Solution: Open the API Connector call settings and check the 'Use as' dropdown — it should be 'Data (list)' for Repeating Group data sources. If your Space or Spring Boot API wraps the list in an object key, click the call → scroll to the response preview → expand the wrapper key → re-initialise with the path pointing to the array. In Bubble's response mapping panel, you can select a sub-key as the root of the returned data.

### Backend Workflow does not receive incoming Space webhook events

Cause: Backend Workflows (API Workflows) are only available on paid Bubble plans. The Free plan cannot expose a public webhook endpoint.

Solution: Upgrade to a paid Bubble plan. Once upgraded, go to Settings → API → tick 'This app exposes a Workflow API'. Then create a new Backend Workflow and use its endpoint URL (format: `https://yourapp.bubbleapps.io/api/1.1/wf/{workflow-name}`) as the webhook URL in JetBrains Space → your project → Settings → Webhooks.

## Frequently asked questions

### Does IntelliJ IDEA have its own REST API I can call from Bubble?

No. IntelliJ IDEA is a desktop IDE application — it runs locally on a developer's machine and exposes no hosted endpoints. The two integration paths are: (1) the JetBrains Space REST API (the hosted DevOps companion to IntelliJ, available at `https://{yourorg}.jetbrains.space/api/http`), and (2) any Java or Kotlin backend service that your team built using IntelliJ and deployed to a public HTTPS URL.

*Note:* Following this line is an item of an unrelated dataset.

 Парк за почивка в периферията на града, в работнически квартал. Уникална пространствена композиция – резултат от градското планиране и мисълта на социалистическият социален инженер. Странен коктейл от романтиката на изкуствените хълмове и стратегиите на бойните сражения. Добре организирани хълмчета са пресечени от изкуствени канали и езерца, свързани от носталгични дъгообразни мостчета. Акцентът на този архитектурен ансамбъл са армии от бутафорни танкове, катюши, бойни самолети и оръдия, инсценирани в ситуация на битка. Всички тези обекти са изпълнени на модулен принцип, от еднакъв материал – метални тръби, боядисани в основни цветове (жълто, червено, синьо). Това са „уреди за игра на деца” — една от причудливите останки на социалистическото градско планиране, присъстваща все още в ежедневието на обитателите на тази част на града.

### Do I need a paid Bubble plan to call the JetBrains Space API?

No — outbound API Connector calls work on Bubble's free plan. You can fetch issues, code reviews, and deployment data from Space and display them in Repeating Groups without upgrading. A paid plan is only required if you want to receive inbound webhook events from Space (e.g., trigger a Bubble workflow when a code review is merged) — that requires Backend Workflows, which are a paid-plan feature.

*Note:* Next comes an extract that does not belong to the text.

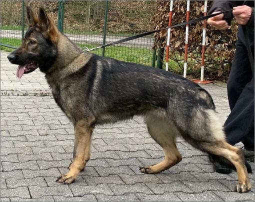 Groß, mittelkräftig, gut pigmentiert, gut geformter Kopf, etwas flacher Widerrist, gerader Rücken, kurze abschüssige Kruppe, Oberarm sollte länger sein und schräger liegen, Hinterhand ist sehr gut gewinkelt, etwas kurze Unterbrust, gerade Front, vorne und hinten gerade tretend, gute Gänge, sicheres Wesen, TSB ausgeprägt.

### How do I handle the Space token expiring every hour?

Store the `access_token` and its `expires_in` value in a Bubble data type when you first fetch it. Before each API call, compare the current time to the stored expiry time. If it has expired, trigger a Backend Workflow that re-runs the client_credentials token exchange call and updates the stored token. This pattern requires a paid Bubble plan. On the free plan, you can manually refresh the token by re-running the token call and pasting the new value into the Authorization header — less convenient but functional for low-traffic apps.

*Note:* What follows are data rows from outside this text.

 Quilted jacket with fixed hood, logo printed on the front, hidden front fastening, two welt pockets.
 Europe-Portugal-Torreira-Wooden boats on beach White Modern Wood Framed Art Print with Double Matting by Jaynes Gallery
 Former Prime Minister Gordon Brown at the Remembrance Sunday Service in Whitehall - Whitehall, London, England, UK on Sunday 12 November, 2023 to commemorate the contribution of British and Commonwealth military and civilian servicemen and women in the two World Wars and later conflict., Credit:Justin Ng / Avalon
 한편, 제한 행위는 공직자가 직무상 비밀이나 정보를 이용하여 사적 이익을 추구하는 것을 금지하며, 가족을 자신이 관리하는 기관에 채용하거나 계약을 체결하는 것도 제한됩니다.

### My Spring Boot API returns data wrapped in '_embedded' — how do I handle that in Bubble?

Spring Boot with Spring Data REST wraps list responses in `{ "_embedded": { "items": [...] } }`. In Bubble's API Connector, after clicking Initialize call and seeing the response, look for the response path selector. Click into the `_embedded` object and then select your array key. Re-initialize the call with this path selected as the root — Bubble will then treat the nested array as the list returned by the call, which you can bind to a Repeating Group directly.

### Can I trigger a JetBrains Space CI/CD pipeline from a Bubble button?

Yes. In the API Connector, add a POST call to `/applications/{appId}/deployments` (or the Space CI/CD trigger endpoint for your project). Set it as 'Use as: Action'. In your Bubble workflow, add the step 'Plugins → JetBrains Space - Trigger Deployment' and pass the required parameters. The button click triggers the workflow, which fires the POST call server-side. No paid plan required for outbound calls.

### What is the difference between this IntelliJ IDEA integration and the PyCharm integration?

Both use the same JetBrains Space REST API, so the API Connector setup is identical. The difference is in the backend use-case: the PyCharm brief targets Python developers building Flask, FastAPI, or Django backends; this IntelliJ brief targets Java and Kotlin developers building Spring Boot or Ktor services. If your backend is Python, follow the PyCharm guide instead — the Space API steps are interchangeable, but the backend deployment examples differ.